Famous how? This is now a well trodden path. All you have to do is make Simon Cowell smile – or scowl – so long as you win X-Factor or Britain’s Got Talent – both Cowell properties. That’s how Susan did it. Can we remember any of the other nine BGT winners or twelve X-F winners? Even your fifteen minutes is quickly forgotten.

The other avenue these days is, of course, the internet. The most ‘famous’ Vlogger I’ve never heard of (that’s video blogger to you and me) is KSIOlajideBT – aka KSI or Olajide Olatunji from Hertfordshire whose YouTube channel has 16 million subscribers and 3.1 billion views. His videos mostly consist of him playing FIFA video games along with his commentary. Famous for 45 minutes each way?

What are the chances of realising fame for it’s own sake? According to Wired magazine** the fraction of living famous people is 0.000086. The chances of winning the UK Lottery jackpot is 1 in 45,057,474 or if every one of the 7,059,837,187 living people on the planet joined in there would be 157 winners or represented as a fraction 0.0064. More than a hundred times better chance than being famous.
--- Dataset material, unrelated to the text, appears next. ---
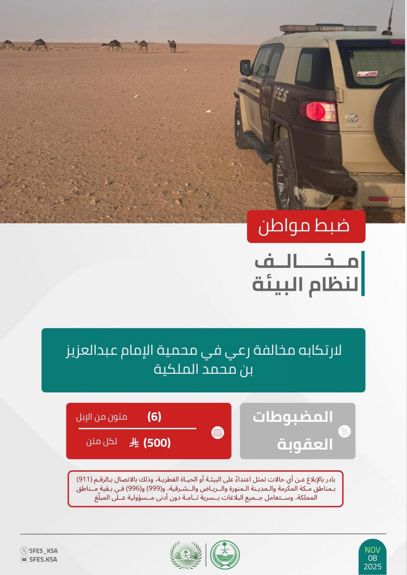 كما ضبطت القوات الخاصة للأمن البيئي مواطنًا مخالفًا لنظام البيئة، لارتكابه مخالفة رعي (6) أمتان من الإبل في مواقع محظور الرعي فيها في محمية الإمام عبدالعزيز بن محمد الملكية، وتم تطبيق الإجراءات النظامية بحقه. وأكّدت القوات أن عقوبة رعي الإبل غرامة (500) ريال لكل متن.

And as a Lottery winner you’d be famous as well. As I say to my brilliant aerialist daughter “do your work – fame is none of your business”.

The lure of celebrity as a way out of the humdrum of austerity is compelling. As the poison dwarf Angela says in American Beauty “there’s nothing worse than being ordinary.” But the price can be more than the entry fee to X-Factor or a Lottery ticket.

“Chasing fame is like chasing a ghost. It’s a fool’s errand. What happens when you search for it for your whole life and never find it? What does that do to your psyche? How could you ever hope to be happy without this thing you crave so desperately?” Adam Pliskin

Chasing shadows is the theme of Plato’s Allegory of the Cave, or Plato’s Cave, in Book VII of his Republic written in about 380BCE to compare “the effect of education and the lack of it on our nature”. It is the most accessible discussion of the nature of reality in philosophy to this day. The allegory is related to Plato’s Theory of Forms, according to which ‘Forms’ or ‘Ideas’ and not the material world known to us through our senses possess the highest and most fundamental kind of reality.

It goes like this:

Imagine a cave in which there are prisoners shackled and their head is tied so that they cannot look at anything but the cave wall in front of them. They have been there since birth and have never seen outside of the cave. Behind the prisoners is a fire, and between them is a raised walkway. People walk along this walkway carrying things which cast a shadow on to the wall. If you had never seen the real objects before you would believe that the shadows of objects were ‘real.’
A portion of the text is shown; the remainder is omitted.